Mike A. Ford (born 18 November 1965) is an English rugby union coach, and former professional rugby league footballer. He was named as the director of rugby for Dallas Griffins in Major League Rugby, which is planned to begin in 2020.  In March 2019 he joined Leicester Tigers as a temporary assistant coach for the remainder of the 2018–2019 Premiership Rugby season.

Background
Ford was born in Oldham, Lancashire, England. He was a pupil at Saddleworth School in Uppermill, Greater Manchester, from 1976 to 1981, where he was taught, and coached by Phil Larder. Larder later recommended Ford to Ireland when Larder was defence coach of England.
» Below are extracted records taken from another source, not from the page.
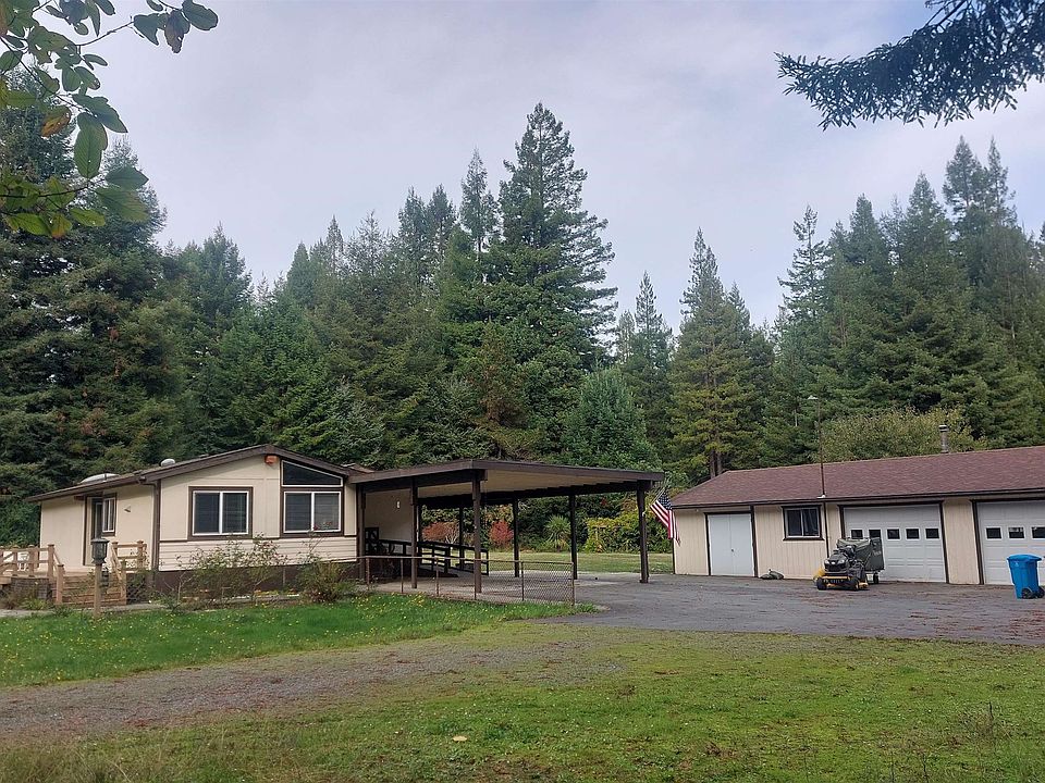 End of road gated property shown by appointment. A rare find located in the heart of 2 Green Acres—this sunny and all-usable property is a tranquil retreat surrounded by a graceful perimeter of mature redwood trees. Bathed in natural light and brimming with thoughtful upgrades, this 3-bedroom, 3-bathroom home blends comfort, functionality, and beauty in perfect harmony. Step inside to discover a perfectly functional kitchen featuring abundant cabinetry, a large pantry, pullout shelving, and a charming second vegetable sink—all part of a quality remodel designed for both ease and elegance. The living room welcomes you with open-beam vaulted ceilings, skylights that pour in sunlight, and lovely French garden doors that frame views of nature beyond. The master suite is a true sanctuary, offering two master bathrooms—one with a deep soaking tub—and an immense walk-in closet that includes a built-in office space. Outside, a sprawling Trex deck wraps around the front of the home, inviting you to relax and soak in the serene surroundings. The property also boasts a detached 2+ car garage with a large shop and craft area, plus two generous carports—one conveniently connected to the back of the home, complete with covered ramps for easy accessibility. Designed with comfort and practicality in mind, this home is fully wheelchair accessible, featuring wide open spaces and a roll-in shower with a fold-down seat. Additional upgrades include a heat pump, dual-pane vinyl windows, and a 16,000-watt propane standby generator—ready to power the entire home when needed. Three enclosed garden areas offer endless possibilities—grow your own produce, tend fruit trees, or repurpose the corral as a chicken coop. With partial fencing, a private gated entrance, and a peaceful setting at the end of a quiet country road, this exceptional property offers both privacy and convenience. Come take a look—you’ll find that this unique home offers not only modern comfort, but a lifestyle surrounded by nature, space, and serenity.
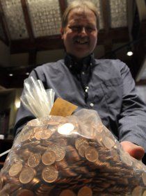 (Jesse Tinsley SR photo: Court Peterson, who sells precious metals and coins, holds a bag of 1964 Canadian pennies at Coins Plus in Spokane on Friday)
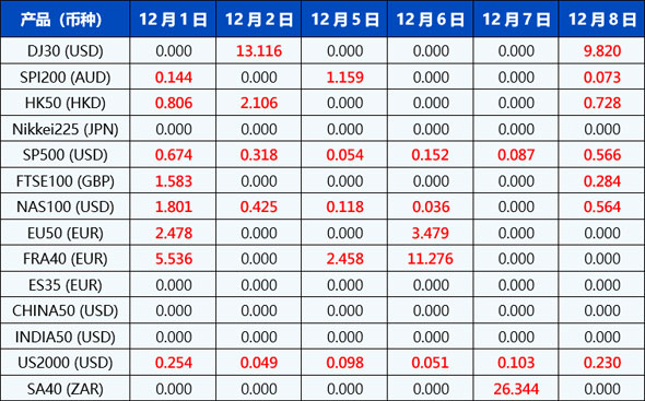 请注意, 以上数据仅供参考,所有数据均以MT4/MT5软件为准。

Three of his sons play rugby union – George plays for Leicester Tigers, and England, and Joe for Yorkshire Carnegie. His youngest son Jacob was the attack coach for Loughborough Students before being named as head coach for Westcliff Rugby Club In August 2019.

Playing career
Ford played rugby league as a , playing for Wigan (Heritage № 795), Leigh, Oldham (two spells), Sydney Roosters, Castleford (Heritage № 691) (two spells), South Queensland Crushers, Warrington (Heritage No. 933), Wakefield Trinity (Heritage No. 1097) and Bramley. He won 10 caps for Great Britain.
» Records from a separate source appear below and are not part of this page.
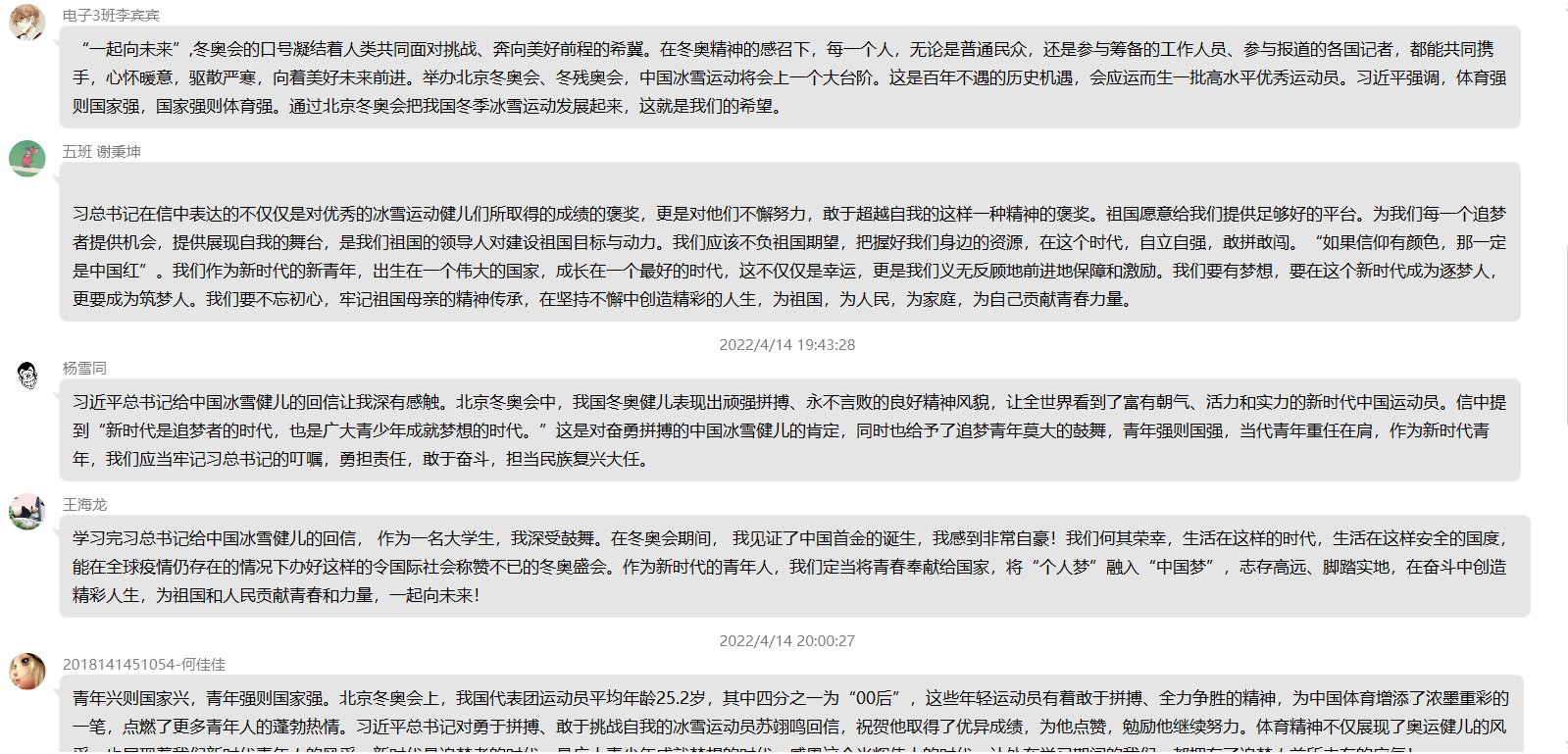线上同学们认真学习完后,纷纷在QQ群发表了感想。作为新时代的老员工党员,冰雪健儿们不畏强手、努力拼搏的精神值得我们学习,我们也定当将青春奉献给国家,将“个人梦”融入“中国梦”,志存高远、脚踏实地,在奋斗中创造精彩人生,为祖国和人民贡献青春和力量,一起向未来!
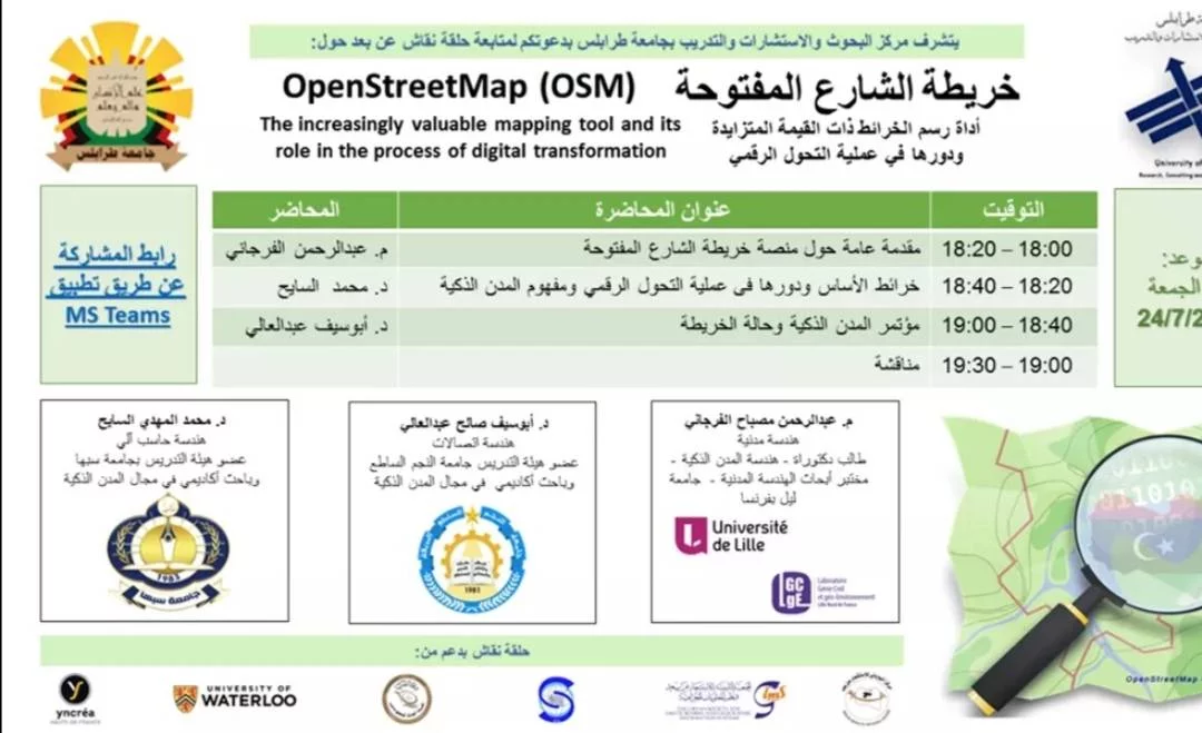 دعوة لحضور حلقة نقاش عن بعد حول خريطة الشارع المفتوحة والمدن الذكيةالسلام عليكم ورحمة الله وبركاتهيتشرف مركز البحوث والاستشارات والتدريب بجامعة طرابلس بدعوتكم لمتابعة حلقة نقاش عن بعد حول:خريطة الشارع المفتوحة: أداة رسم الخرائط ذات القيمة المتزايدة ودورها في عملية التحول الرقميOpenStreetMap (OSM)The
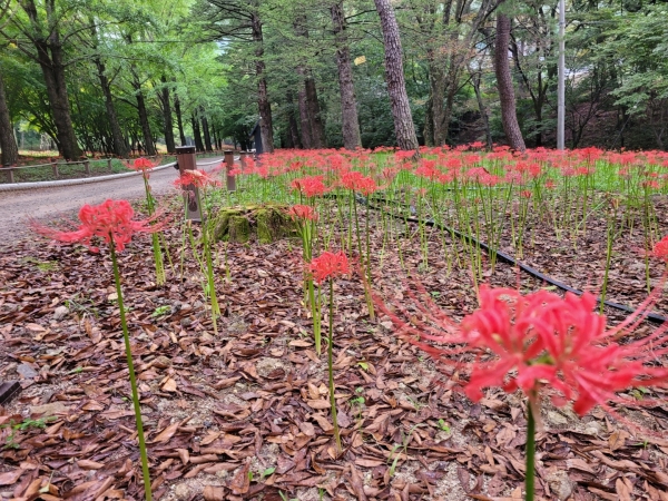 진악산 산림욕장 꽃무릇 단지는 지난 2021년부터 보석사 은행나무 및 일주문 인근에 꽃무릇 25만7000본이 식재됐으며 올해 2억원을 투입해 보석사~영천암 구간에 꽃무릇 19만 본을 추가로 식재하고 포토존도 조성할 예정이다.
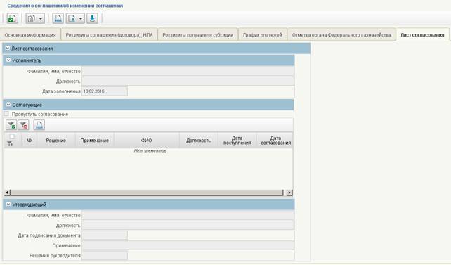 Таблица 9. Описание заполнения полей на вкладке «Лист согласования»
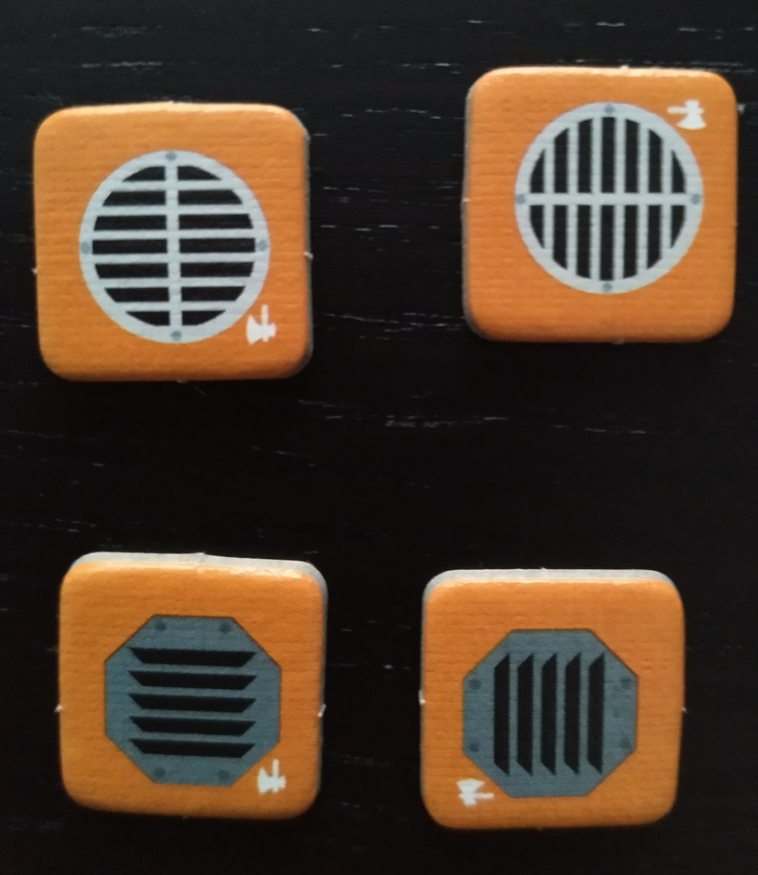 Tenemos disponibles 4 rejillas de ventilación naranjas (dos parejas, con formas distintas, cosa que debemos tener en cuenta porque deben usarse en pares). En cualquier momento, cualquier jugador que decida mover al enano (meeple naranja) puede coger una pareja de rejillas, colocar una donde esté el héroe naranja y la otra en cualquier casilla vacía del centro comercial.
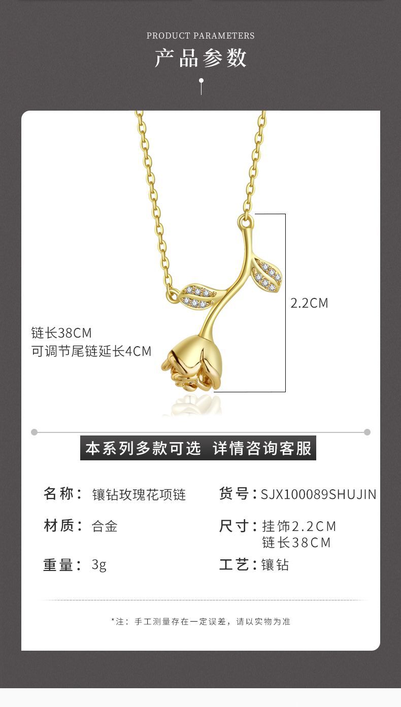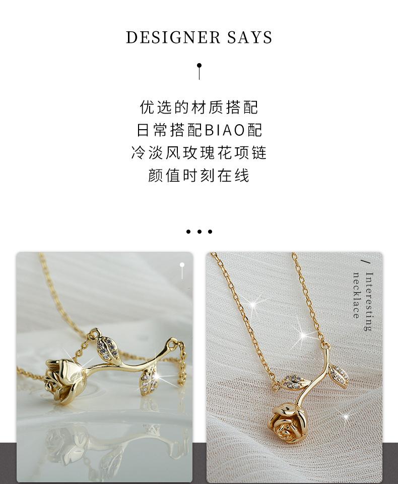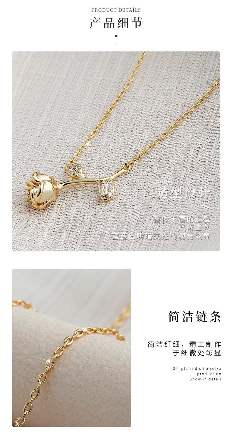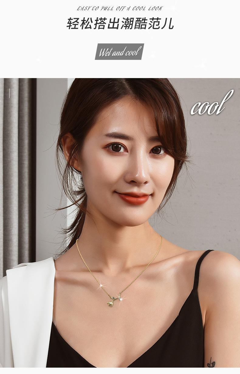 Venta directa de fábrica, collar de circonita con flor de cerezo y acero de titanio para mujer, personalidad de celebridad de Internet, collar de flores y hojas de una pieza de dos piezas al por mayor

Ford played  in Wigan's 14–8 victory over New Zealand in the tour match on Sunday 6 October 1985.

Ford played in Castleford's 12–28 defeat by Wigan in the 1992 Challenge Cup Final.

Ford is a Castleford Tigers Hall Of Fame inductee.

Ford moved to South Queensland Crushers but played just 15 games there.

Ford made his début for Warrington on Wednesday 1 November 1995, and he played his last match for Warrington on Monday 8 April 1996, he made his début for Wakefield Trinity during the 1996 season, and he played his last match for Wakefield Trinity during the 1997 season.

Coaching career
In 1999, Ford joined Bramley as a player-coach, and joined Oldham in a similar role a year later. He retired from playing in 2001 after guiding Oldham to the championship Grand Final. Whilst at Oldham, he started coaching rugby union at Dukinfield RUFC for 5 seasons, winning a cup and two promotions.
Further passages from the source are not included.